*** MATERIALS PROVIDED Section Begins ***

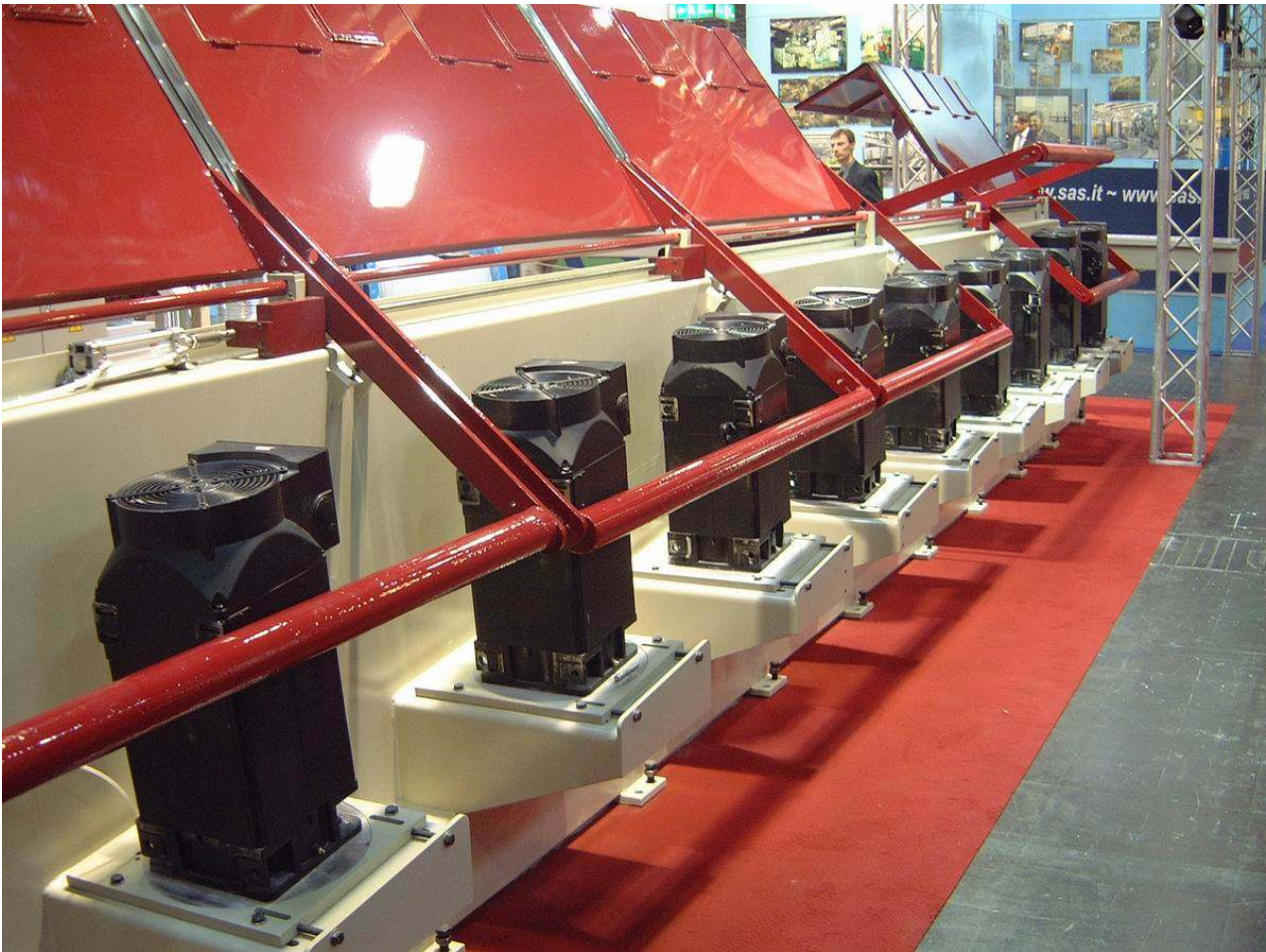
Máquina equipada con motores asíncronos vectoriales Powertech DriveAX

*** MATERIALS PROVIDED Section Ends ***
*** MATERIALS PROVIDED Section Begins ***

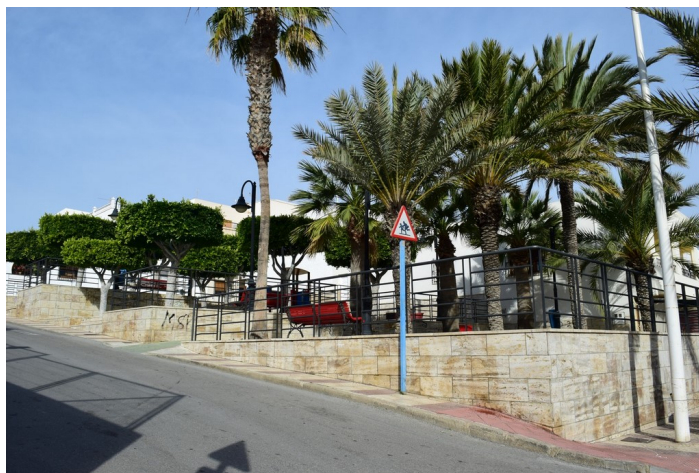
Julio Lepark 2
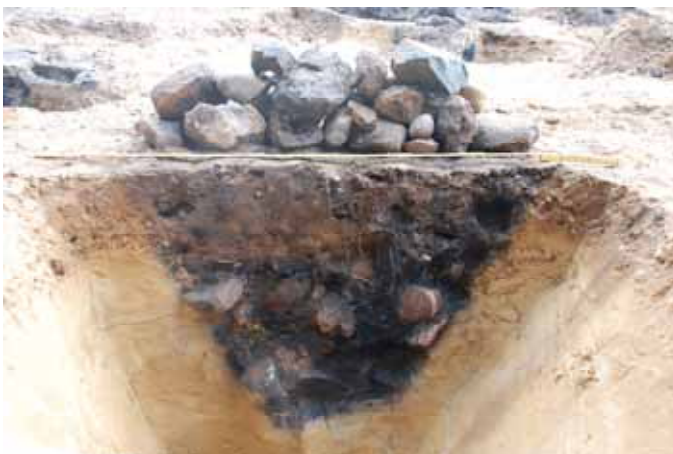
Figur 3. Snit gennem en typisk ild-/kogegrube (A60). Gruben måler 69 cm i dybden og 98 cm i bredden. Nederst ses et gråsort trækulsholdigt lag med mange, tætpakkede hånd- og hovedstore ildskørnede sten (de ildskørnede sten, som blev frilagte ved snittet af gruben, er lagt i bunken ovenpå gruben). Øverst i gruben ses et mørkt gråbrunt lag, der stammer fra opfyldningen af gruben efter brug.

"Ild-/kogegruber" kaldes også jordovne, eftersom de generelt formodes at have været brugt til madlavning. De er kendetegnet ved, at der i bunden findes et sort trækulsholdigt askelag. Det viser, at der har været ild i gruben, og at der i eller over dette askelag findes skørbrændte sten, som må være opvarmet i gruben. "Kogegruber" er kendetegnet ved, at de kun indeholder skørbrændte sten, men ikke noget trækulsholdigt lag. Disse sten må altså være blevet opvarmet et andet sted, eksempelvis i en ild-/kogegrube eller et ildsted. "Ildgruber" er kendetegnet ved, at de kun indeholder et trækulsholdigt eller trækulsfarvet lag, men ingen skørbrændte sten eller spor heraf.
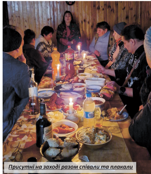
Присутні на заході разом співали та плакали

*** MATERIALS PROVIDED Section Ends ***

• REQUIRED WORK: Going back to the data above, write out everything from the line with "Figur 3. Snit" down to the line with "Присутні на заході разом співали та плакали", both included, leaving every picture out.

• ANSWER FOR THE TASK:
Figur 3. Snit gennem en typisk ild-/kogegrube (A60). Gruben måler 69 cm i dybden og 98 cm i bredden. Nederst ses et gråsort trækulsholdigt lag med mange, tætpakkede hånd- og hovedstore ildskørnede sten (de ildskørnede sten, som blev frilagte ved snittet af gruben, er lagt i bunken ovenpå gruben). Øverst i gruben ses et mørkt gråbrunt lag, der stammer fra opfyldningen af gruben efter brug.

"Ild-/kogegruber" kaldes også jordovne, eftersom de generelt formodes at have været brugt til madlavning. De er kendetegnet ved, at der i bunden findes et sort trækulsholdigt askelag. Det viser, at der har været ild i gruben, og at der i eller over dette askelag findes skørbrændte sten, som må være opvarmet i gruben. "Kogegruber" er kendetegnet ved, at de kun indeholder skørbrændte sten, men ikke noget trækulsholdigt lag. Disse sten må altså være blevet opvarmet et andet sted, eksempelvis i en ild-/kogegrube eller et ildsted. "Ildgruber" er kendetegnet ved, at de kun indeholder et trækulsholdigt eller trækulsfarvet lag, men ingen skørbrændte sten eller spor heraf.
Присутні на заході разом співали та плакали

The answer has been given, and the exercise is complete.